Compared to the band’s previous catalog, the film’s music takes yet another artistic leap—this time, to more ethereal and opera-inspired territory. Sure, there’s the power-pop meta-rock opener “So May We Start,” which, with its jaunty piano and intricate, theatrical harmonies feels like vintage Sparks. But the true highlights come from the atmospheric strings and arias, which sound hair-raising and tragic, marking another high point in their already theatrical oeuvre. As you may have heard from your Twitter feed about the film, there’s even a musical number where Henry is performing oral sex on Ann, proof that even in their 50th year as a band Sparks’ isn’t afraid to shock. 

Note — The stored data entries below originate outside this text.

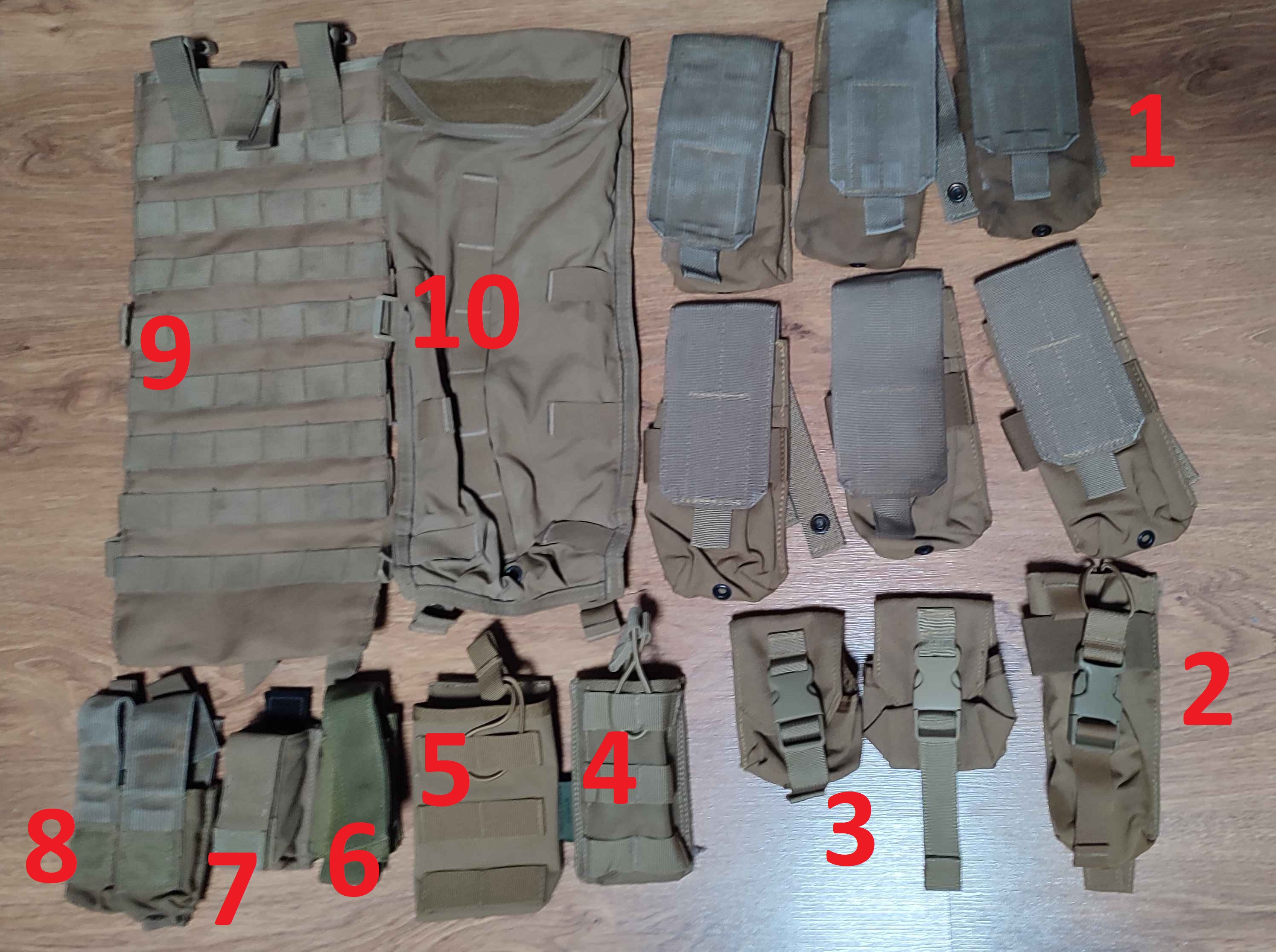 Wysyłka paczkomatem 17zł. Po więcej zdjęć (metki etc.) zapraszam na priv. 1. Kontraktowe ładownice USMC na 2 magi M4/M16 od Fireforce, 6 sztuk , 59zł/szt 2. Ładownica na radio (PRC152, PRC148, Baofeng etc.) od amerykańskiego T3 Gear, cordura, 99zł 3. Ładownice na granat M67 od LBT, cordura (były w zestawie z RRV od LBT, mają dokładnie te same klamry), 29zł/szt 4. Ładownica otwarta na pojedynczy magazynek AR od Warrior Assault Systems, 35zł 5. Ładownica otwarta na pojedynczy magazynek AR od Condora, 25zł 6. Pojedyncza ładownica na granat 40mm od TMC, bardziej wpada w zielony, 20zł 7. Ładownica kydexowa na magazynek pistoletowy od Eagle Industries, kolor SCOY, 59zł 8. Podwójna ładownica na magazynki pistoletowe/granaty 40mm od Sandpiper of California (SOC), coyote brown cordura, 49zł 9. Kopia hydration carrier (pomieści butlę HPA) z SFLCS, kolor khaki, 49zł 10. Ładownica MOLLE na wkład hydracyjny/butlę HPA od ATS Tactical Gear, cordura coyote brown, 99zł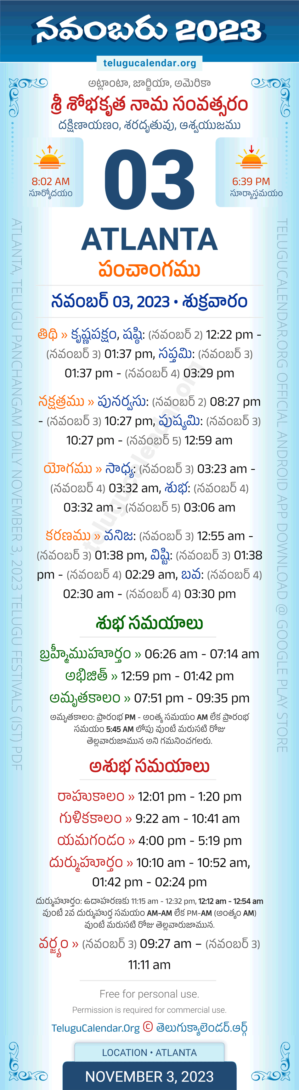 Download » November 3, 2023 » Atlanta (USA) Telugu Panchangam Daily Sheet with Auspicious and Inauspicious Timings.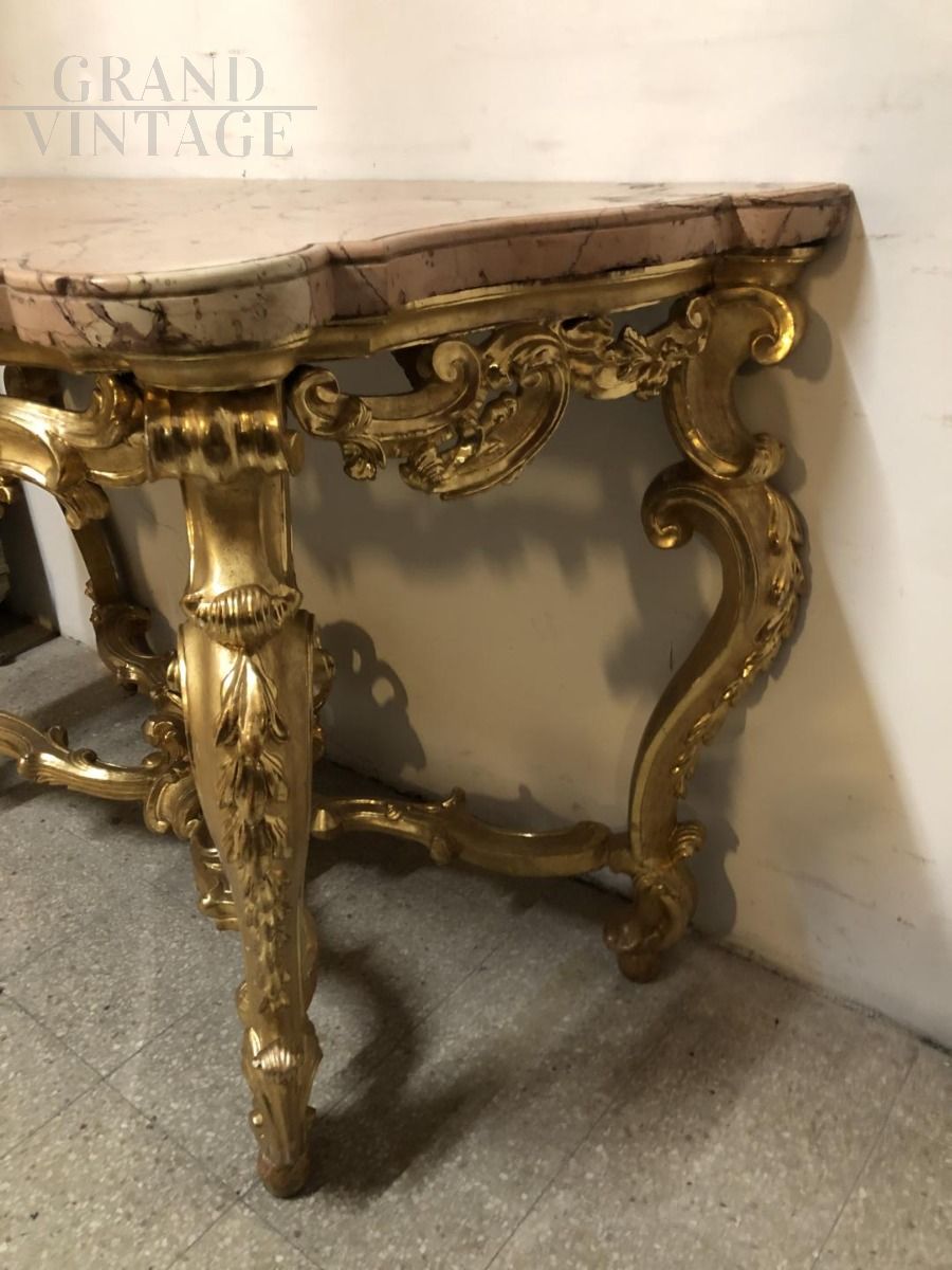 Antique Roman console from the Louis XV era from the 18th century in carved and gilded wood, with a 5 cm thick antique pink marble top.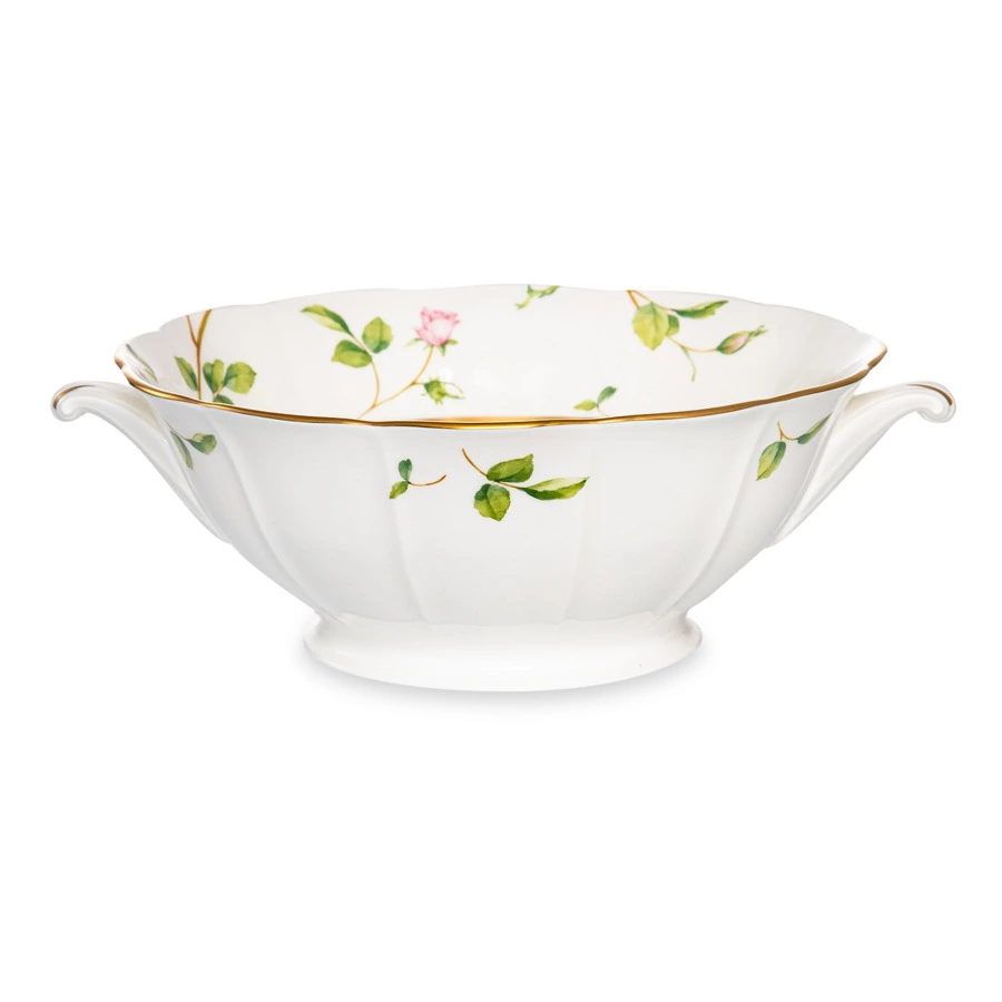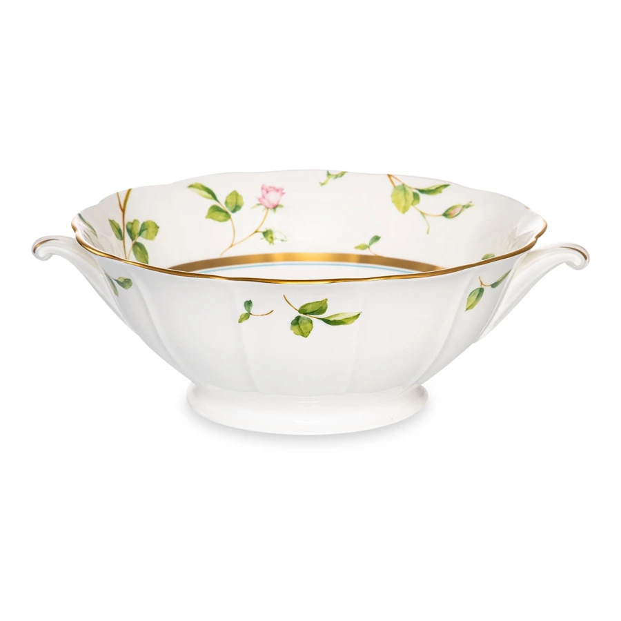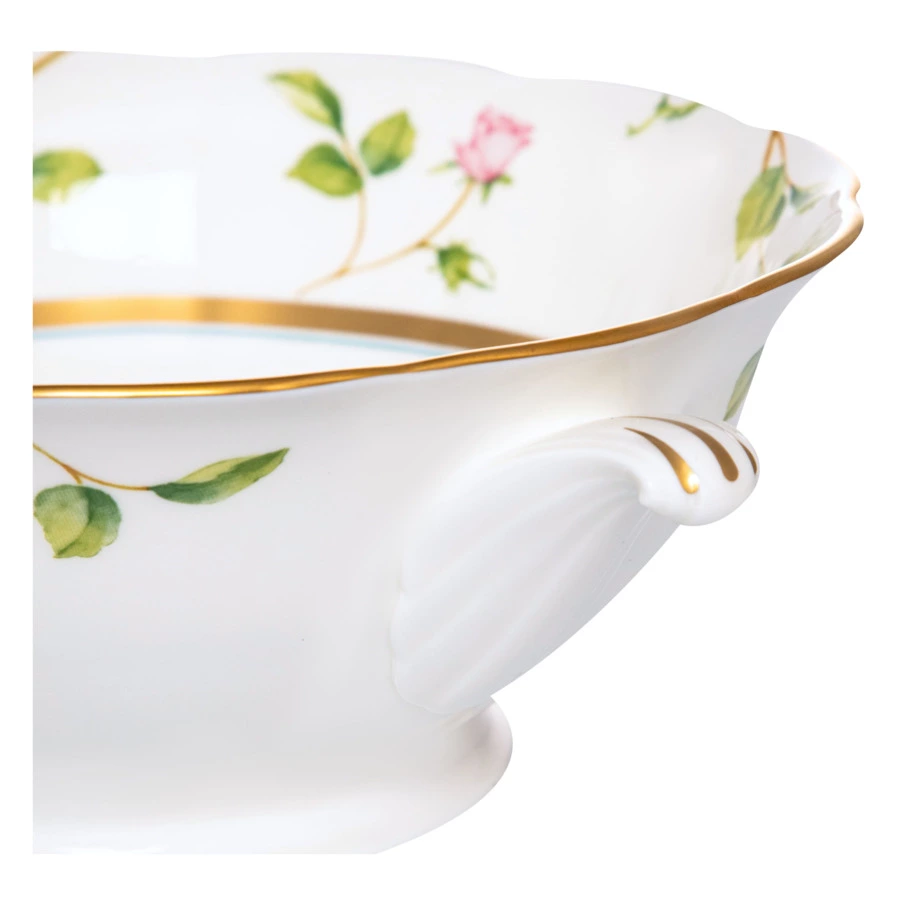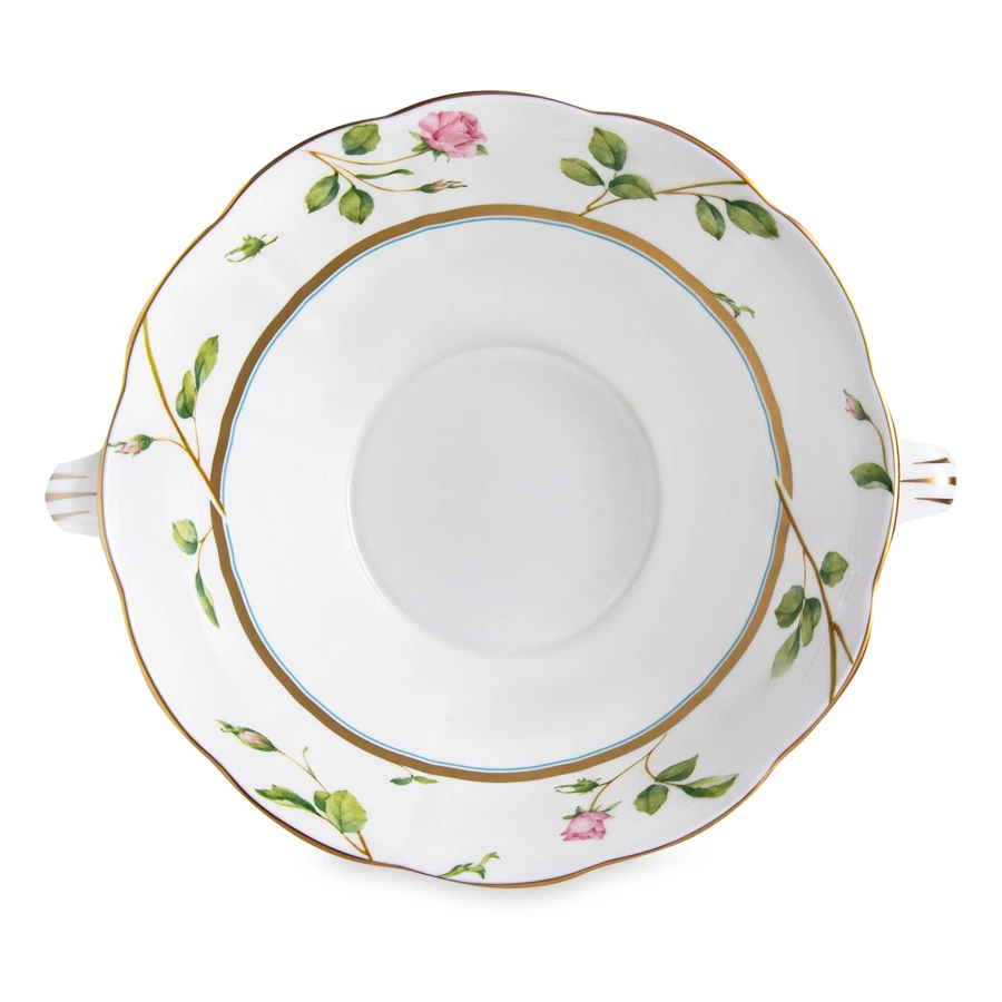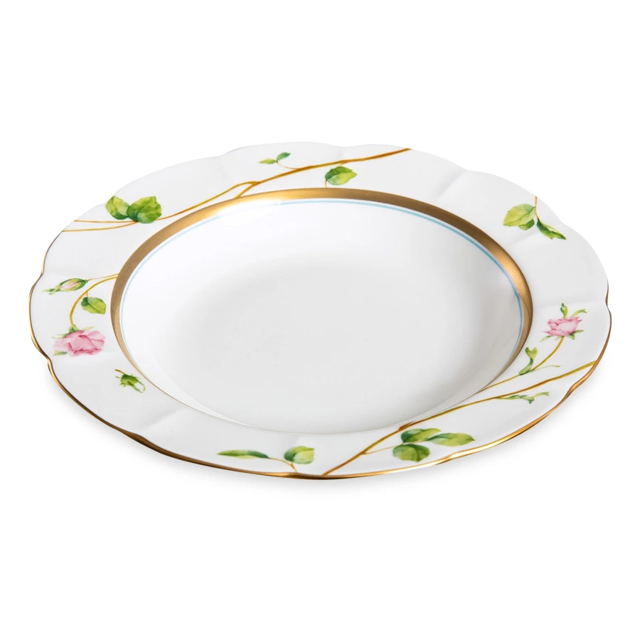 Коллекция «Цветущая роза» в классическом английском стиле разработана с учётом современных тенденций. Нежные вьющиеся розы на элегантном белом фарфоре стали уже классикой столовых сервизов, но не утратили свою актуальность. Серия вдохновляет и ботаническим искусством исполнения, и натуральным цветом декора. Форма распустившегося цветка придаёт предметам особое очарование. Сложно найти что-то более совершенное, обладающее столь отточенным стилем. Изящная форма с золотой каймой и нежный цветочный рисунок сделают сервировку вашего стола элегантной и изысканной. Благодаря великолепному дизайну и высококачественному исполнению эта посуда станет изумительным подарком.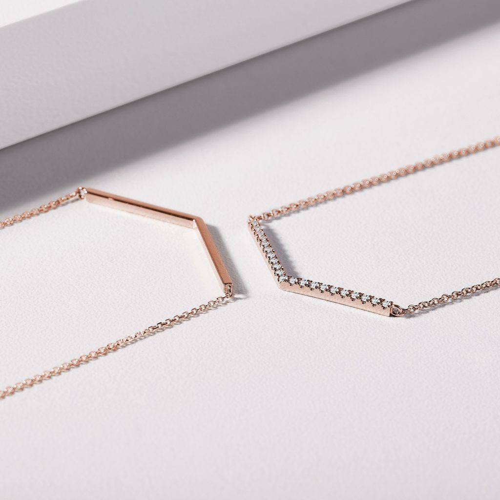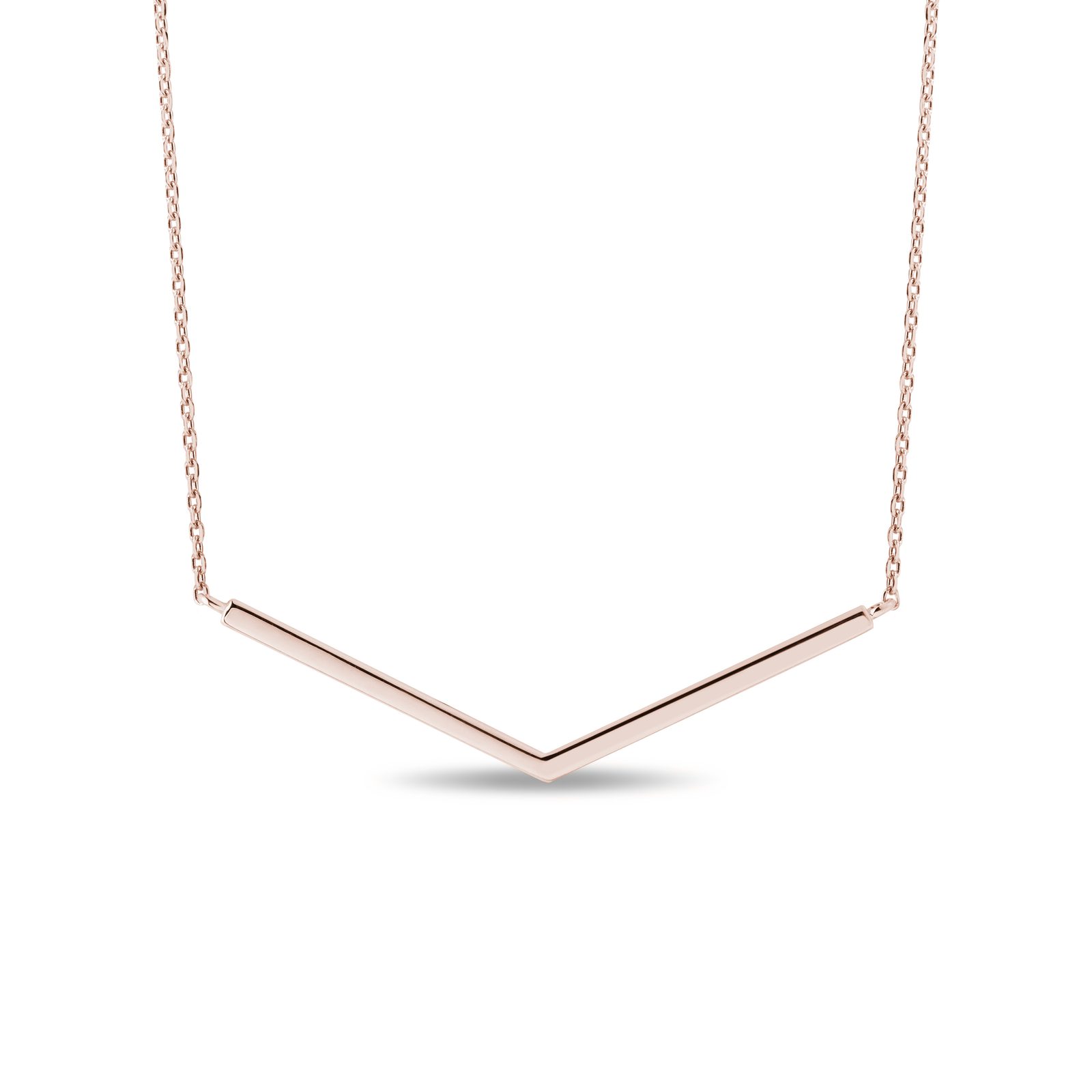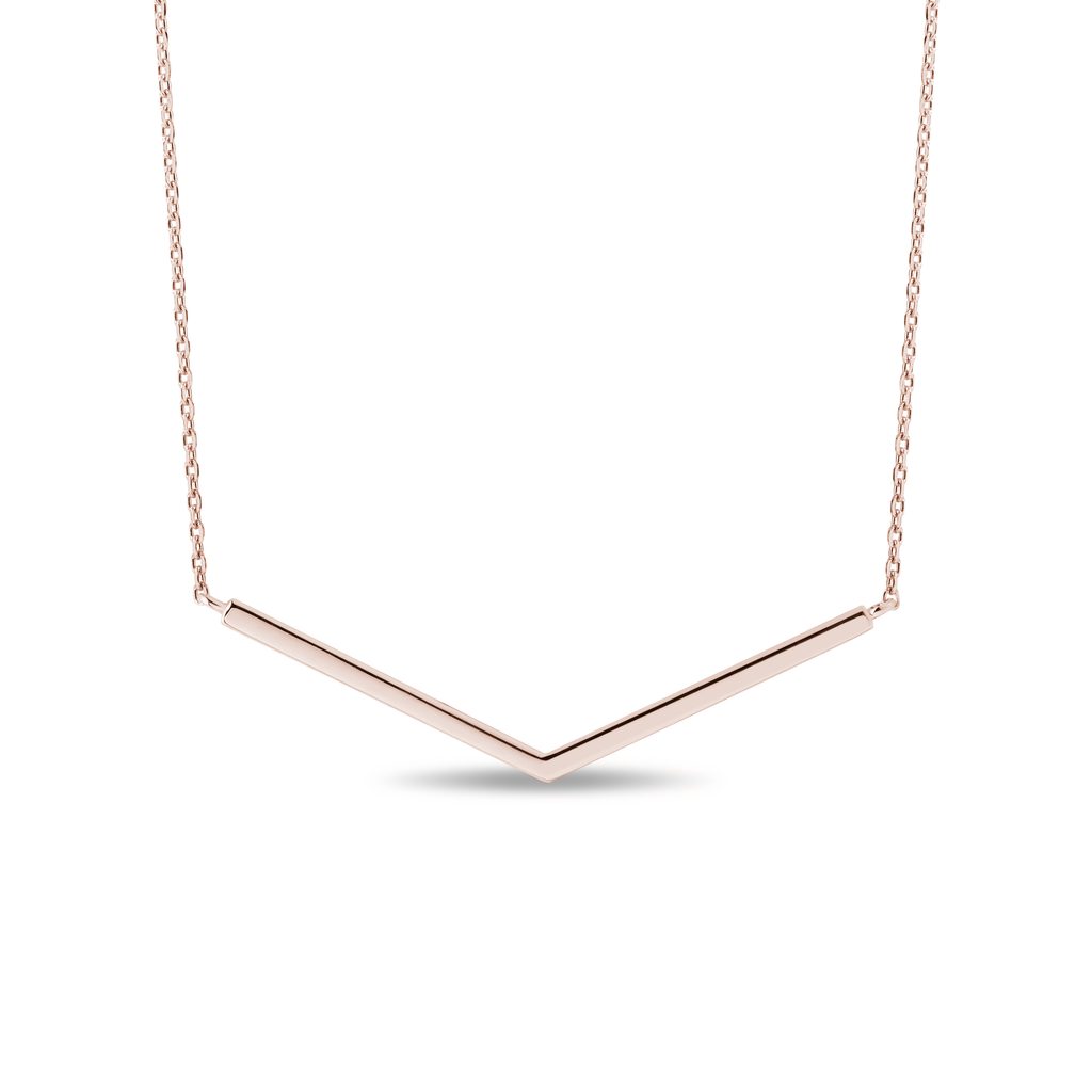 Ce collier moderne en or rose 14 carats se compose d'une délicate chaîne ancre de 45 cm de long, ornée d'un pendentif solidement fixé en forme de V lisse. Grâce à ses lignes épurées et à sa finition soignée, ce bijou est léger et élégant. Il peut être porté seul ou facilement associé à d'autres colliers pour un look unique et superposé.

These two films couldn’t be more different, but they encapsulate the vast and symbiotic genius of the Mael brothers, whose career has endured for their wit, adventurousness, and ability to take huge risks. Just as Carax’s eccentricity fits perfectly with the band’s own musical and visual weirdness, Sparks’ humor is also exceptionally matched in Wright’s enthusiastically clever directorial style. In an interview with Variety, Wright explained how much fun it was to finally dive into their music. “I get asked a lot, ‘What Sparks album should I start with?’” he said. “And the truth is that there’s no one album that defines the whole story. So that’s a testament to Ron and Russell—it isn’t like you can get the entire measure of Sparks from just one album.” There’s no perfect guide to Sparks, but for a band whose entire career is several dozen artistic left turns, you can’t go wrong.